Richard Schumaker, University of Maryland University College:
Richard Schumaker brings considerable national and
international experience, a solid academic background and accomplishments, and
very considerable administrative success to his candidacy for the position of
NeMLA Director of Comparative Literature and Languages.
Professor Schumaker was originally educated at the
University of California and the University of Paris-IV (Sorbonne), from which
he holds three graduate degrees. In
Paris, he worked directly with Michel Haar, Henri, Birault, and Emmanuel
Levinas. His main area of interest was
the reflection of Nietzsche and Heidegger on modern literature.
For over twenty years, Richard taught a wide-range of
humanities courses for the University of Maryland University College in Italy
and Germany.
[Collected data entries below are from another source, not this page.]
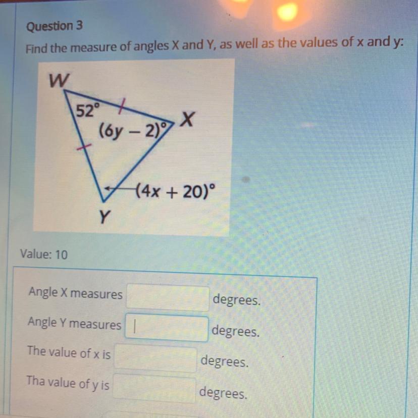 By the Isosceles Triangle Theorem, if 2 sides of a triangle are congruent to each other, than the angles opposite those sides are also congruent. We see by the markings on the triangle that WX and WY are congruent. That means that angle Y (which is across from WX) and angle X (which is across from WY) are the same measure. We can set them equal to each other because of this:
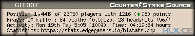 Rank | Map | Kills | % | Ratio | Deaths | % | Ratio | K:D | Headshots | % | Ratio | HS:K |
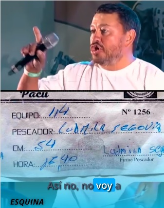 «Yo soy el número 114 y no voy a sortear porque mi pacú tenía 54 centímetros y por una foto mal sacada me quieren arruinar la fiesta. Yo no voy a sortear porque tengo pruebas y por eso nosotros, los pescadores, queremos otra cosa, queremos transparencia en nuestra fiesta, porque sino, nuestra fiesta estará cada vez más bajo, cada vez más bajo. Estas cosas no se hacen, no se hacen. Yo hace 25 años que participo, nunca gané una fiesta, ahora gané y me quieren cagar ¡Así noooo!», dijo ofuscado el demandante a viva voz, lo que se hizo viral en las redes y otros medios.
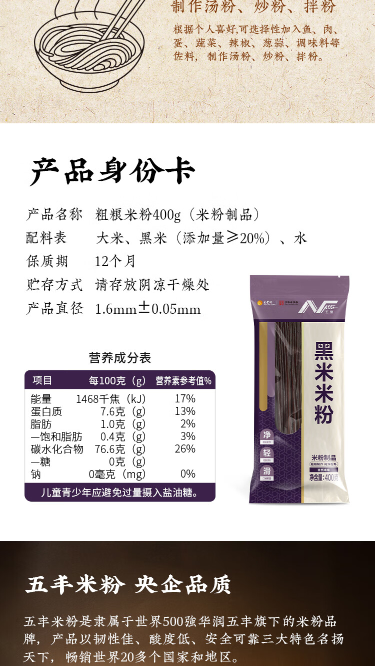 五丰黑米米粉400g 五谷粗粮江西米粉米线低脂粗粮主食健康代餐
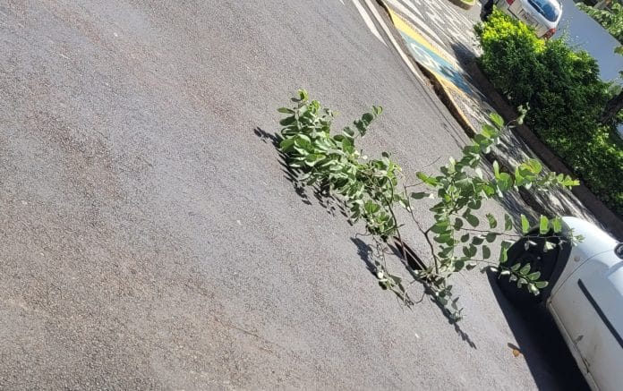 O galho da árvore foi estrategicamente posicionado para alertar os motoristas sobre o perigo iminente, evitando potenciais tragédias.
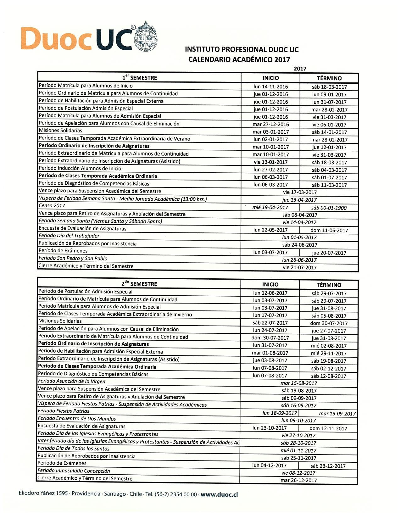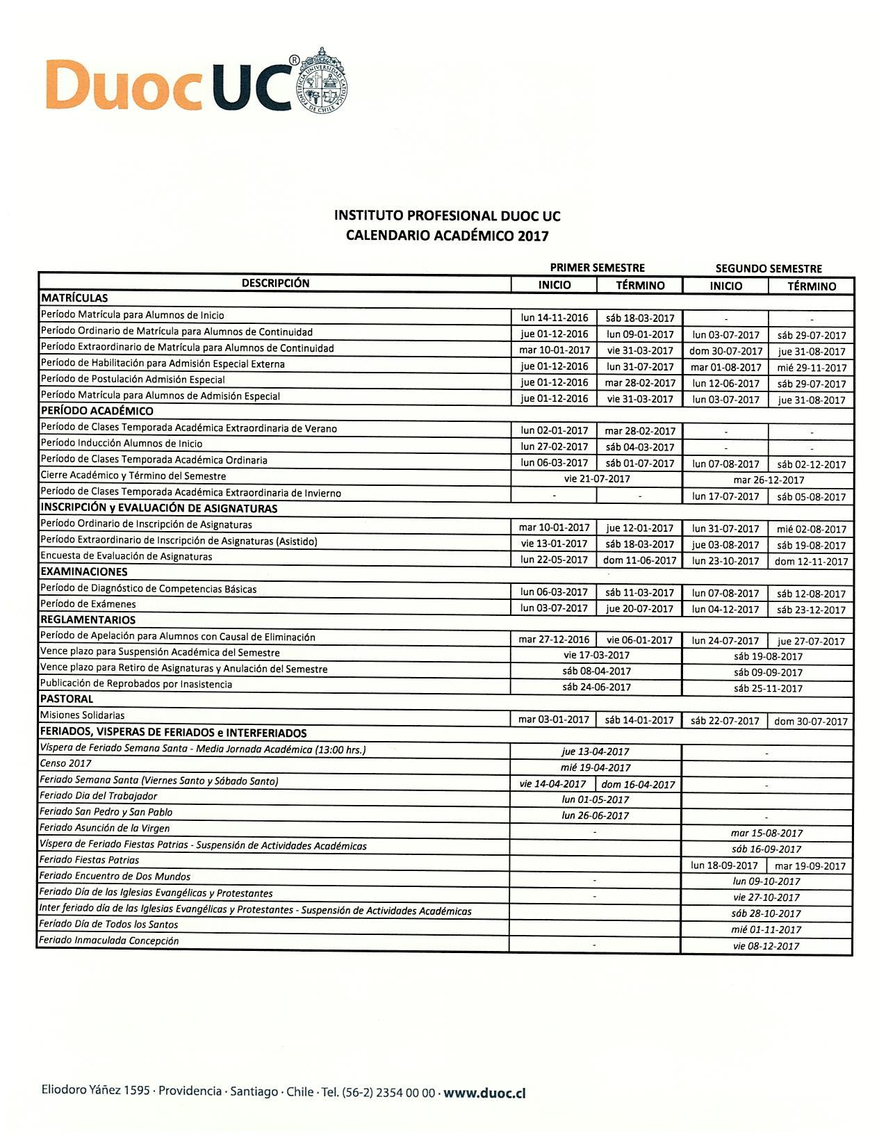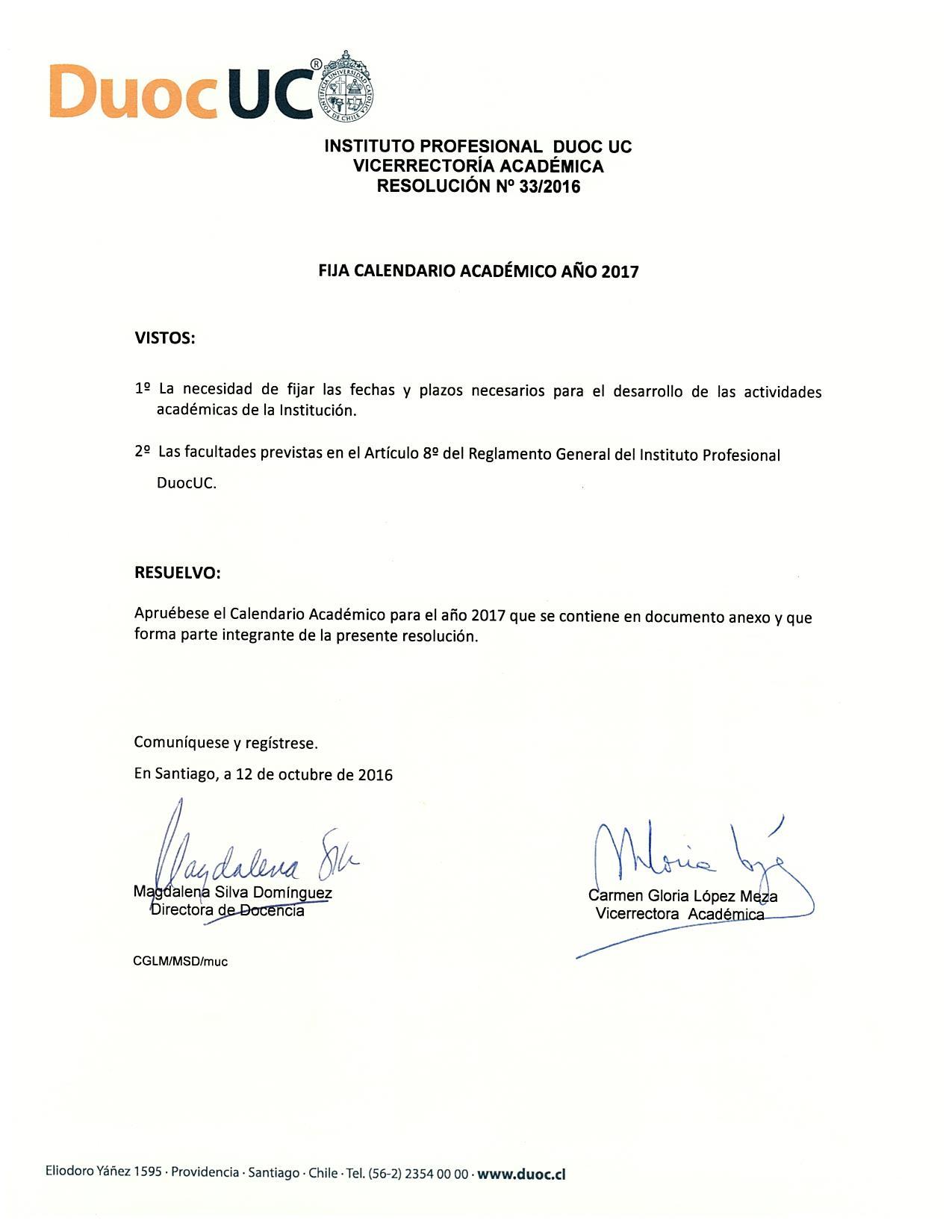 Resolución VRA N° 33 2016 Fija calendario académico 2017.
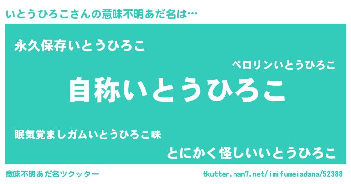 | 胡散臭い通販商品みたいなあだ名 | 『ガンによく効く高麗人参…その名も「いとうひろこ」』 |
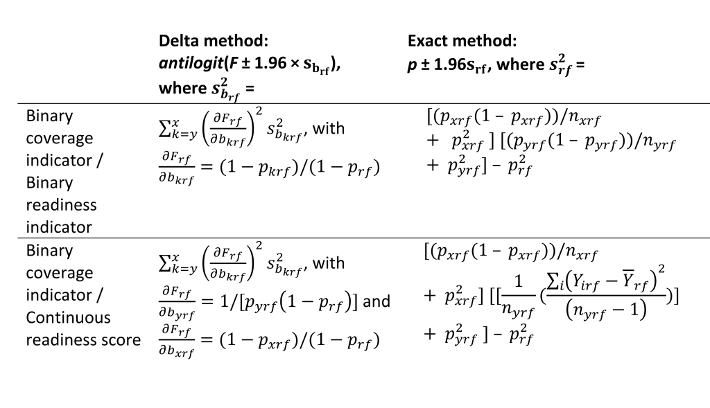In some cases, facility readiness may be a continuous score rather than a binary measure. Figure 1 summarizes the variance calculations for the exact and delta methods in the case of a binary coverage indicator and a binary or a continuous readiness measure. Details of the modifications to the formulas in the case of a continuous readiness measure are shown in Appendix S3 of the Online Supplementary Document.

During his time in Europe,
he edited and co-edited Focus on Robert
Graves and His Contemporaries and helped organize many conferences on
Graves, as well as conferences and colloquia on the culture of the Great War
and global cinema. He also taught
American political culture and aspects of the research process in the
University of Trier’s “Fachspezifische Fremdsprachenausbildung” program.
Starting in the mid-1990’s, Richard Schumaker played a
leading role in developing the teaching of online writing and humanities
courses for the University of Maryland in Europe. In 2004, he returned to Metropolitan
Washington, D.C. to work as a UMUC administrator and subsequent senior fellow
in preparing faculty to teach online classes rigorously and effectively. From 2004 through 2014 he continued to teach
and write, concentrating on the teaching of advanced Shakespeare classes. In the last two years, he has presented at
the International Comparative Literature Conference in Paris (AILC 2013) and at
the International Zola Conference in New Orleans (AIZEN 2014), as well as the
latest NeMLA conferences at Boston and Harrisburg.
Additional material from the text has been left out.